Thursday, October 22, 2009

it's really much more prevalant than you know

I saw my therapist last night. Super Doc gave me a few assignments. I need to take time for my anti-anxiety technique exersizes, I need to write a list of definite issues to work on, and I need to call any number of other SuperDocs to schedule my screening for clinical depression and discuss treatment options

I'll keep my dear readers posted.

Thursday, October 15, 2009

Because Snuffy is HAWT

I have a head cold. I sould like snuffleupagus, you know, Big Birds best friend from Sesame Street who started out imaginary but then, one day, everyone could see him? Yeah, I sould like a less depressed version of Snuffy right now, which is totes awesome, as we all know how hott Snuffy was.
The head cold is pissing me off, as I am at this wierd place of ickyness- not so icky that I cannot function, but just icky enough that I really don't want to do anything. I cannot focus nor concentrate on any one thing for any amount of time, which is really not helping me do my homework, or keep the kids entertained. Woot.

Monday, October 12, 2009

Posting from accounting...hehehe, I made a geeky pun

So, I am sitting in week two of Principles of Accounting I, writing in my blog. Why here, why now? Well, that is a many part answer. First, we are going over our homework questions from last week, and I already have that shit down. Second, well, I have more privacy here in class than at home. Third, it's quieter than at home.
Let me explain. Hubby, the boys and I are currently living with the in-laws again. Joy of joys. Between finances, and the property inspector letting us know that the wee tiny house is a wash, structurally, we are now bedding down with MIL and FIL. It is tighter than I would like, spacewise, and it is way more frustrating thatn I would like, spacewise, but the boys are happy and it will give Hubby and I a chance to get back on track financially. It's also easing some of my concerns about being back in school.

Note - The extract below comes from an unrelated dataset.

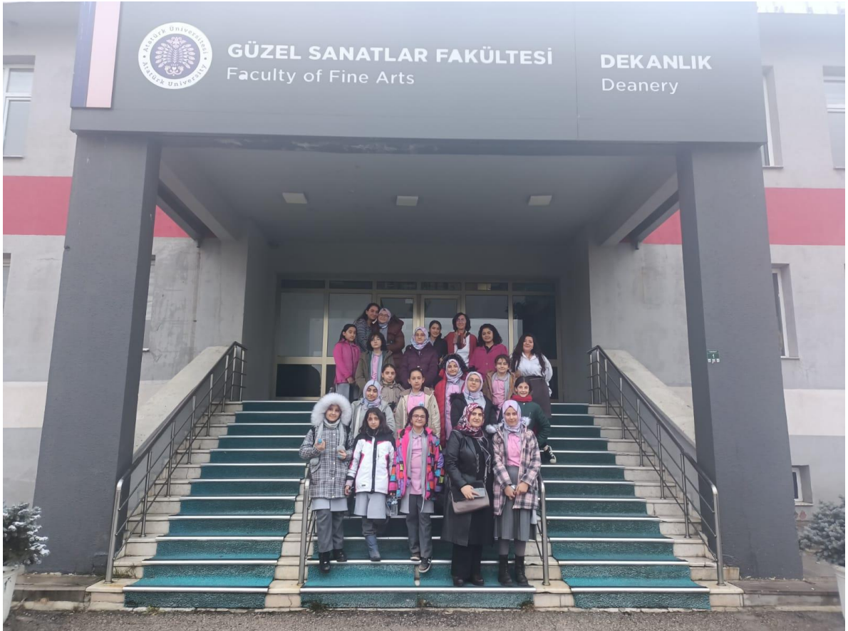
Raif Azak İmam Hatip Ortaokulu öğrencileri ile Toplumsal Duyarlılık Projeleri Anısı.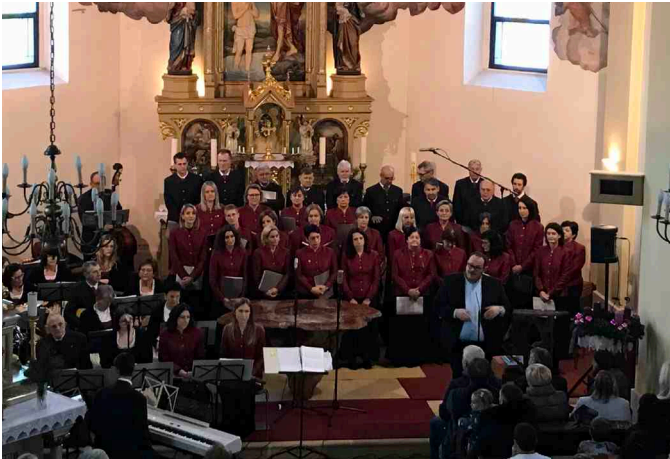
Adventkonzert des Gesangsvereins

I am starting therapy again this weel. It's needed. my mental health is not what it should be. I just really want to be happy and healthy again, and I don't htink I am really either ofthose right now.

Basically,, just wanted to fill everyone in. Thor turns 5 tomorrow. Loki is awesome and so funny, he will tell you so, Hermes is still smart, still a smart ass. Hubby got laid off, is looking for new employ, and I started school again. Living with the in-laws, trying to not be miserable.